BEGIN Study material
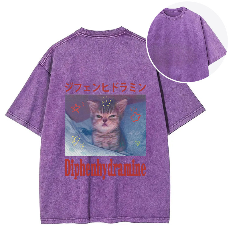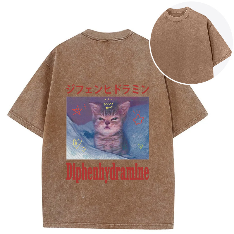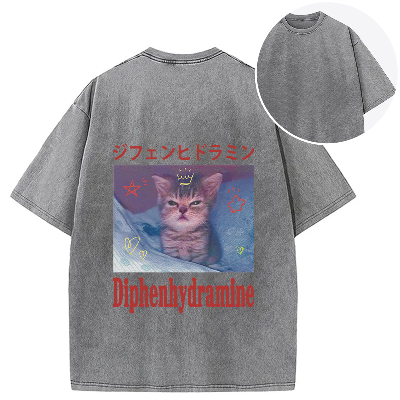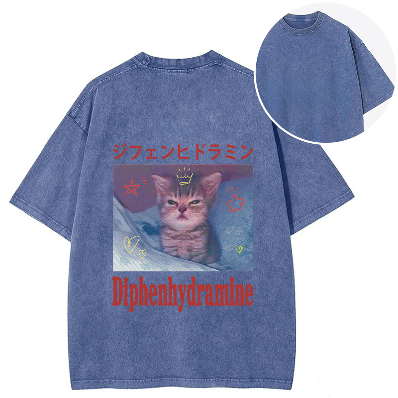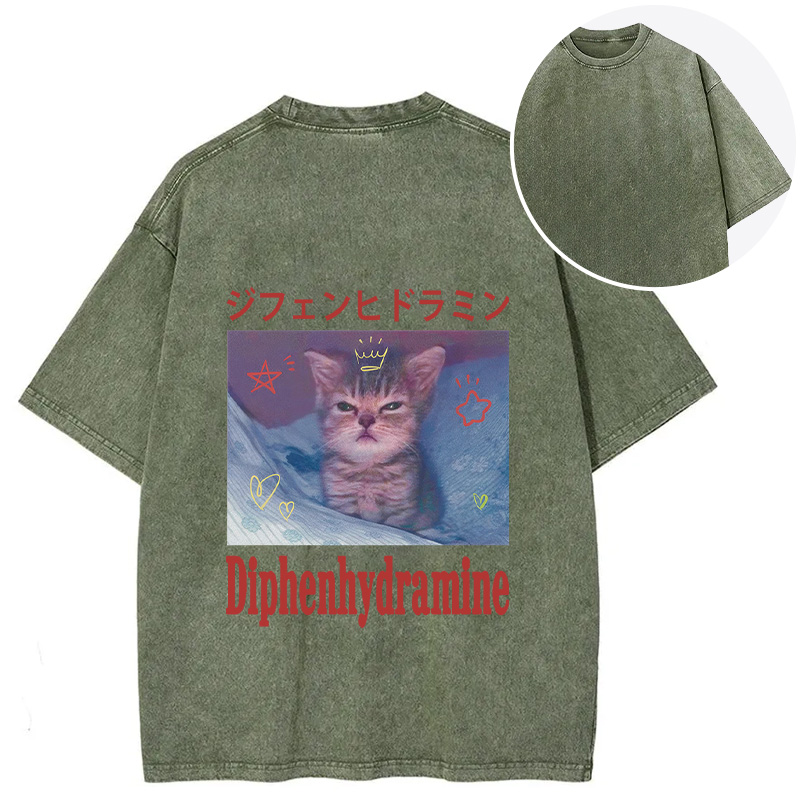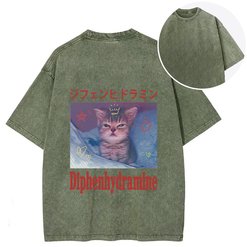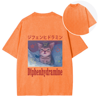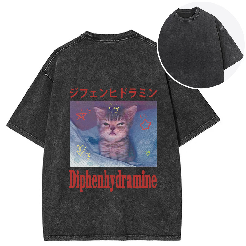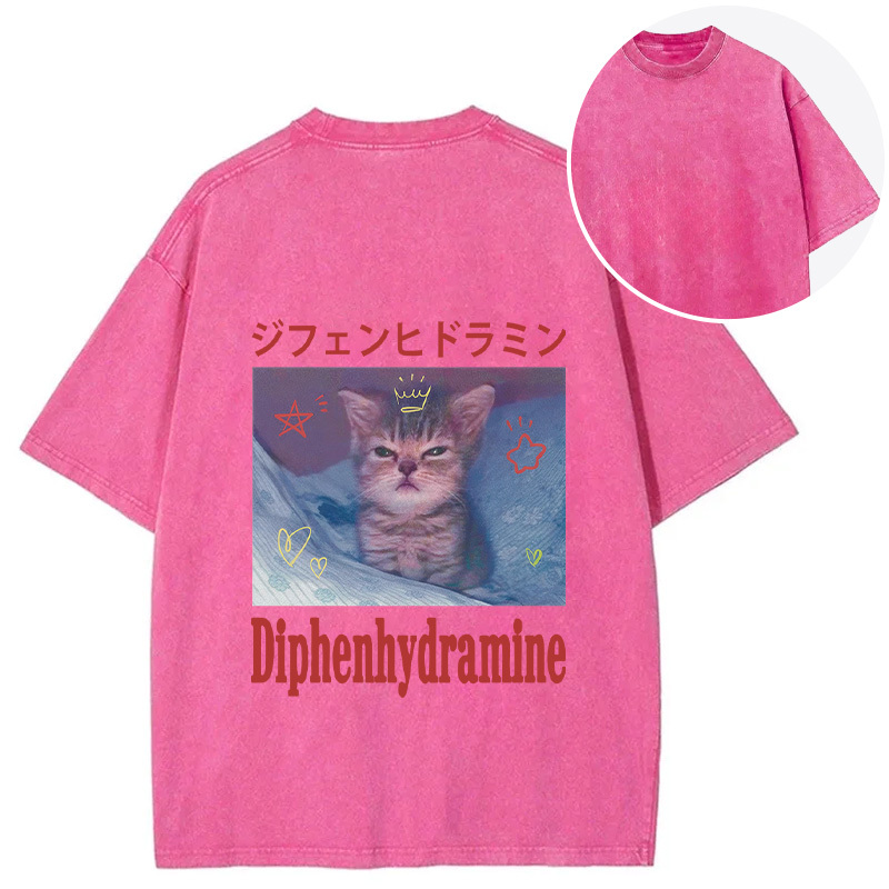 Diphenhydramine Cat Funny Meme Back Washed T-Shirt
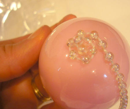 Начинаем работу с кончика яйца, но который выпускаем немного горячего клея и скрутив кончик нити с бусинками фиксируем его в этом месте, а следом начинаем спиралью накручивать всю длину нити до противоположного конца, который аналогично надо фиксировать клеем .
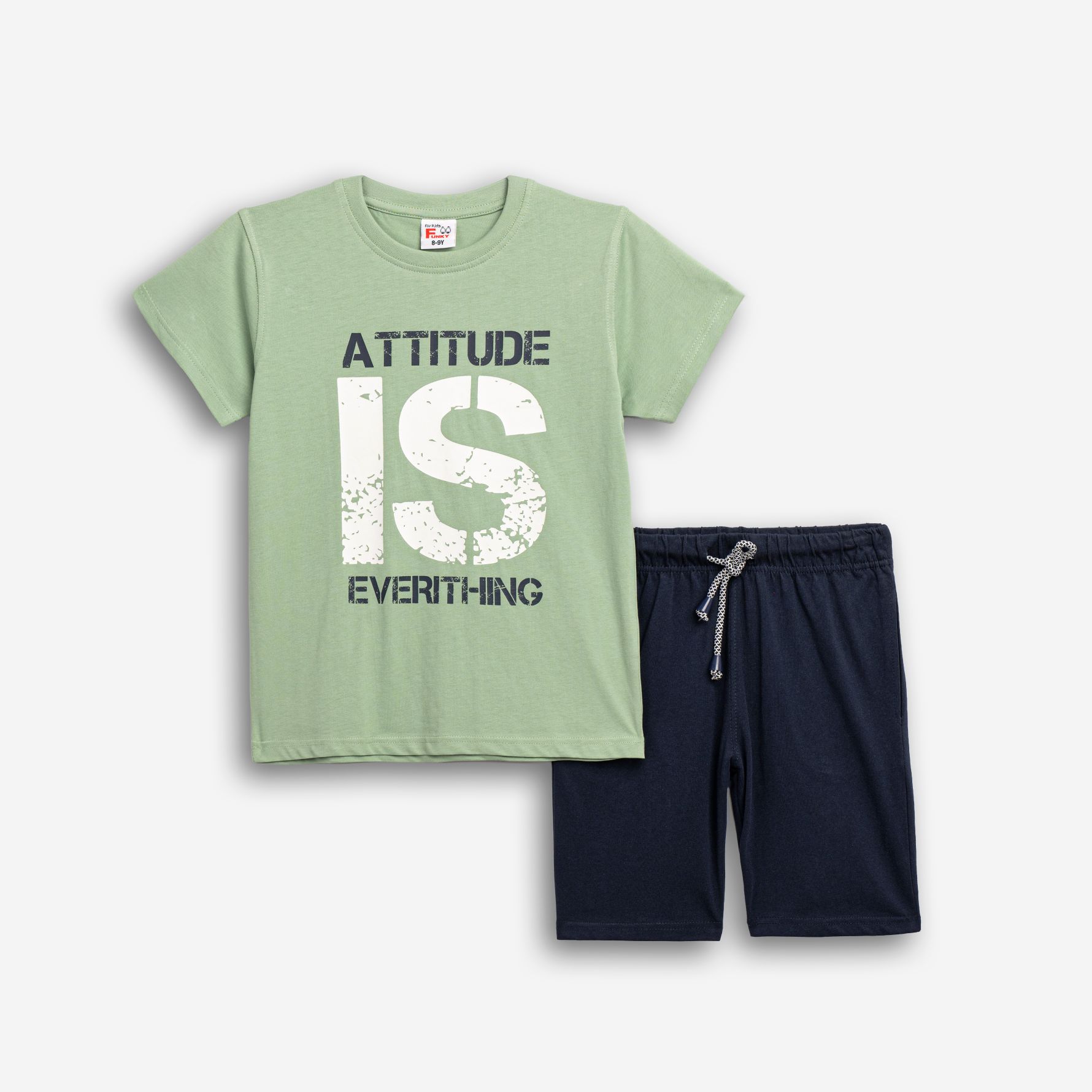 Σετ μακό κοντομάνικη μπλούζα με τύπωμα (attitude) και βερμούδα σε χρώμα γρασίδι/μπλέ για αγόρι 6-16 ετών
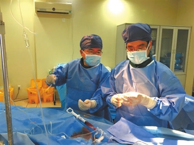 | 湖州市中心医院心内科的医生们正在为病人进行手术。 |
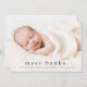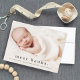 Eine Geburt des süßen Fotos mit modernen Namen auf einem vollen blutenden horizontalen Landschaftsbild Foto. Auf der Rückseite befinden sich zwei zusätzliche Foto-Spots, ein großer Vollnamenheader und eine persönliche Nachricht aus der Familie.
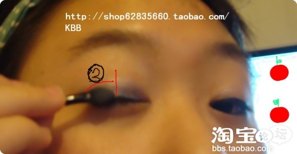 红色笔画的部分是眼线液笔涂的地方,不可重复,一定要细,细而在细,总之就是非常细。
END Study material
What to do
Copy out all of the material exactly as written, without its pictures.

Response area
 Diphenhydramine Cat Funny Meme Back Washed T-Shirt
 Начинаем работу с кончика яйца, но который выпускаем немного горячего клея и скрутив кончик нити с бусинками фиксируем его в этом месте, а следом начинаем спиралью накручивать всю длину нити до противоположного конца, который аналогично надо фиксировать клеем .
 Σετ μακό κοντομάνικη μπλούζα με τύπωμα (attitude) και βερμούδα σε χρώμα γρασίδι/μπλέ για αγόρι 6-16 ετών
 | 湖州市中心医院心内科的医生们正在为病人进行手术。 |
 Eine Geburt des süßen Fotos mit modernen Namen auf einem vollen blutenden horizontalen Landschaftsbild Foto. Auf der Rückseite befinden sich zwei zusätzliche Foto-Spots, ein großer Vollnamenheader und eine persönliche Nachricht aus der Familie.
 红色笔画的部分是眼线液笔涂的地方,不可重复,一定要细,细而在细,总之就是非常细。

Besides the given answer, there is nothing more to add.